Drugie życie tablic

Tablice z nazwami ulic zostały zlicytowane podczas aukcji Wielkiej Orkiestry Świątecznej Pomocy w Centrum Kultury Zamek. Dwie tablice z nazwą "ul. Lewandowskiej" przekazał prezydent Poznania Jacek Jaśkowiak, a jedną z nazwą "ul. Chwiałkowskiego" Rada Osiedla Wilda.

Fot. M. Malinowski - grafika artykułu
Fot. M. Malinowski

W kwietniu 2016 roku Sejm RP uchwalił ustawę o zakazie propagowania komunizmu lub innego ustroju totalitarnego przez nazwy budowli, obiektów i urządzeń użyteczności publicznej. W związku z tym jednostki samorządu terytorialnego musiały w ciągu roku zmienić m.in. nazwy ulic, które upamiętniały jeszcze osoby, organizacje czy wydarzenia symbolizujące komunizm lub inny ustrój totalitarny.

Z tego powodu zniesiona została nazwa ulicy Marcina Chwiałkowskiego - przedwojennego działacza komunistycznego. Rada Osiedla Wilda była przeciwna zmianie zwracając uwagę, że ul. Chwiałkowskiego w świadomości lokalnej kojarzona była przede wszystkim z kompleksem sportowo-rekreacyjnym POSIRu - popularną "Chwiałką". Wielu mieszkańców ulicy było przeciwko zmianie jej nazwy, a jeśli - to właśnie na Chwiałkę.

Stało się jednak inaczej i ul. Chwiałkowskiego zmieniła nazwę na ul. Jana Spychalskiego. Rada Osiedla postanowiła tablicę ze starą nazwą przeznaczyć na rzecz Wielkiej Orkiestry Świątecznej Pomocy, aby przynajmniej w ten sposób sprawić , że z dekomunizacji ulic wyniknie coś dobrego.

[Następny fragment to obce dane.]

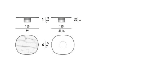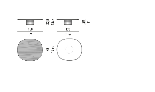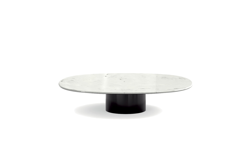 Su forma pura y esencial se compone de una base cilíndrica, en acero inoxidable brillo o metal pintado en color Black Coffee, que sostiene un tablero elíptico de líneas redondeadas, disponible en mármol o madera.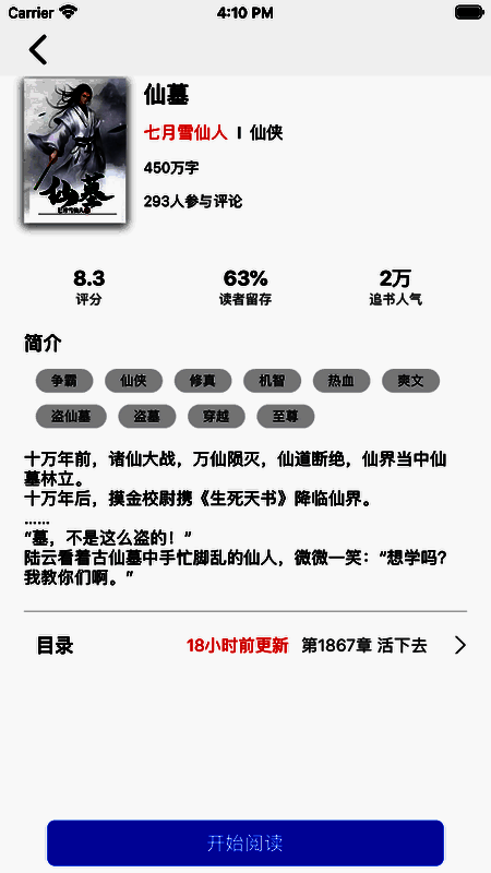 3、全本都是免费的,还有首页各种最新和热门书籍的推荐,搜索便利。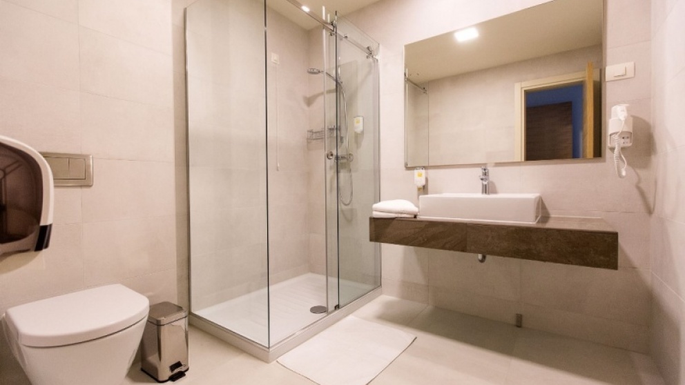 Sobe: kopalnica, prha, kad, internetni dostop, minibar, klimatska naprava (centralna regulacija), sef, balkon ali terasa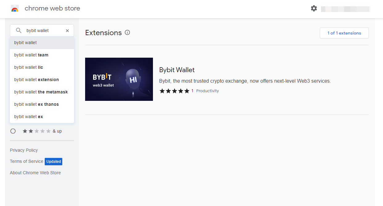 Paso 1: Por favor, visite la Chrome Web Store y busque Bybit Wallet, a continuación, haga clic en la página de Bybit Wallet.
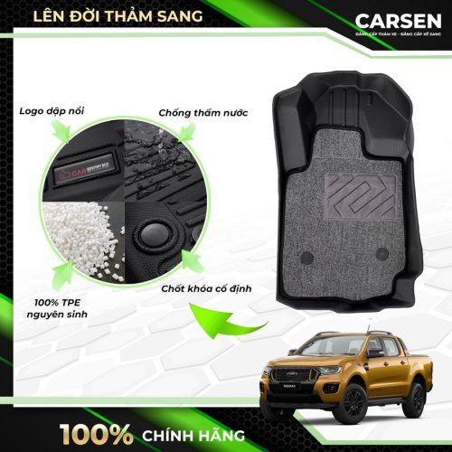 - Thảm sàn Ford Ranger 2017-2021 làm từ nhựa TPE có khả năng chống thấm nước, chịu nhiệt cao, cách âm và giảm tiếng ồn rất tốt.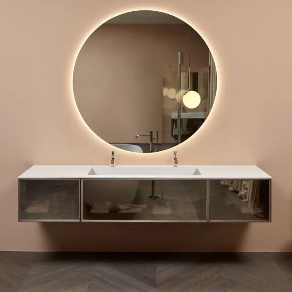 Свобода решений гарантирована и в вопросе дизайна. Вы можете купить модульную мебель Antonio Lupi BESPOKE со шпонированными панелями, отделанными в интересном для вас цвете, с прозрачными стеклянными, с эффектными рельефными. Вам решать, что будет лучше соседствовать с премиальной сантехникой.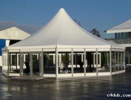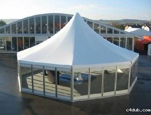 ,顶部是尖行,框架搭建的是六边形,组合起来就是六边尖顶篷房,这种属于欧式篷房,很多婚礼,宴会,庆典的时候都会选用这种六边尖顶篷房。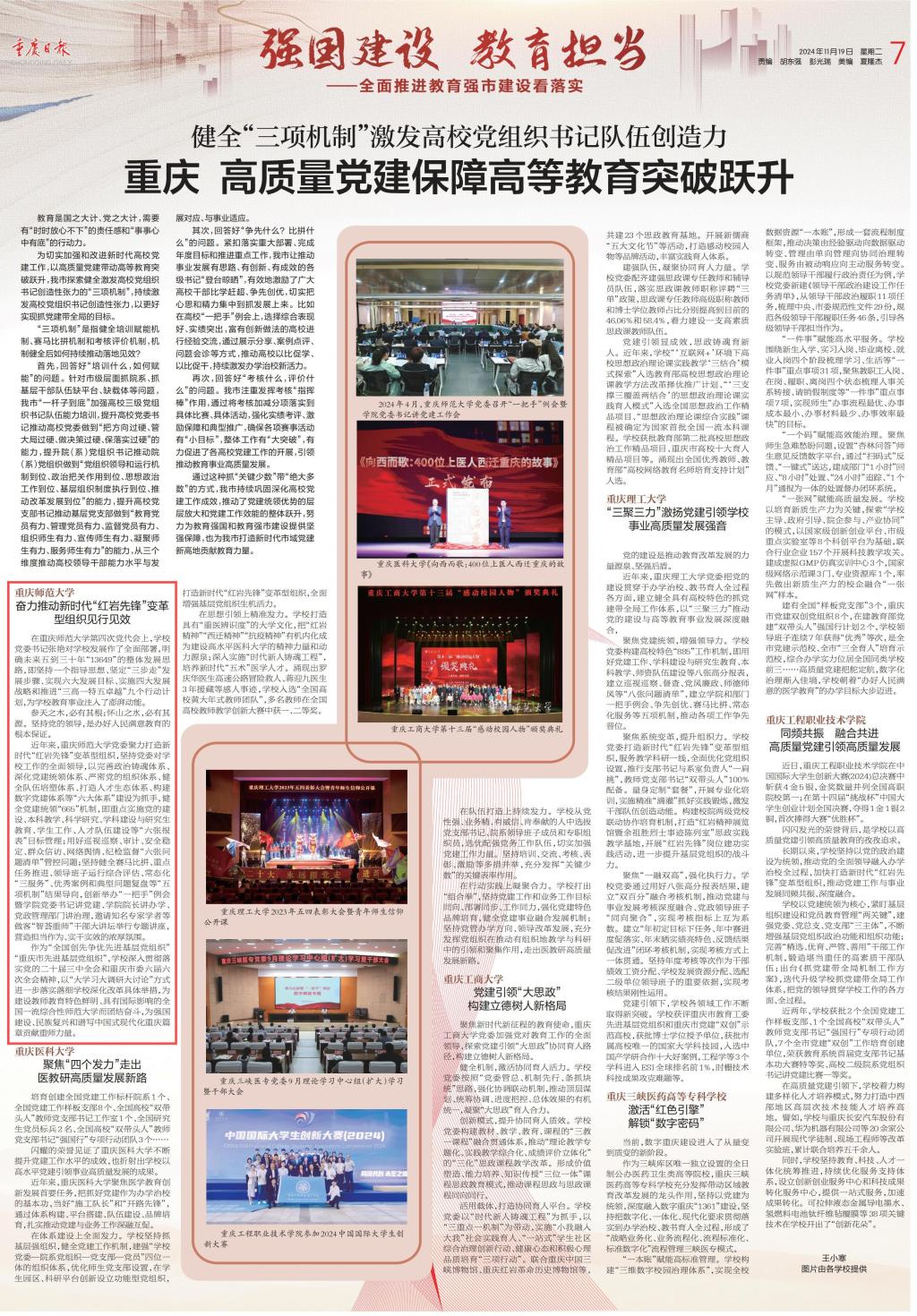近年来,AC米兰官方网站党委聚力打造新时代“红岩先锋”变革型组织,坚持党委对学校工作的全面领导,以完善政治铸魂体系、深化党建统领体系、严密党的组织体系、健全队伍培塑体系、打造人才生态体系、构建数字党建体系等“六大体系”建设为抓手,健全党建统领“665”机制,即重点实施党的建设、本科教学、科学研究、学科建设与研究生教育、学生工作、人才队伍建设等“六张报表”目标管理;用好巡视巡察、审计、安全稳定、群众信访、网络舆情、纪检监督“六张问题清单”管控问题;坚持健全赛马比拼、重点任务推进、领导班子运行综合评估、常态化“三服务”、优秀案例和典型问题复盘等“五项机制”结果导向,创新举办“一把手”例会暨学院党委书记讲党建、学院院长讲办学、党政管理部门讲治理,邀请知名专家学者等做客“智荟重师”干部大讲坛举行专题讲座,营造担当作为、实干实效的浓厚氛围。

Nieco innym przypadkiem była ul. Janiny Lewandowskiej, bo właśnie ta nazwa pojawiła się w Poznaniu na kilkanaście miesięcy w wyniku "zdekomunizowania" ul. 23 Lutego. Jednak po skutecznym zaskarżeniu przez Radę Miasta decyzji wojewody, stara nazwa wróciła, a zniknęła ul. Lewandowskiej (choć wkrótce może pojawić się w innym miejscu). Tymczasem zdemontowane tablice prezydent Poznania postanowił przeznaczyć na licytację w ramach WOŚP.

mat.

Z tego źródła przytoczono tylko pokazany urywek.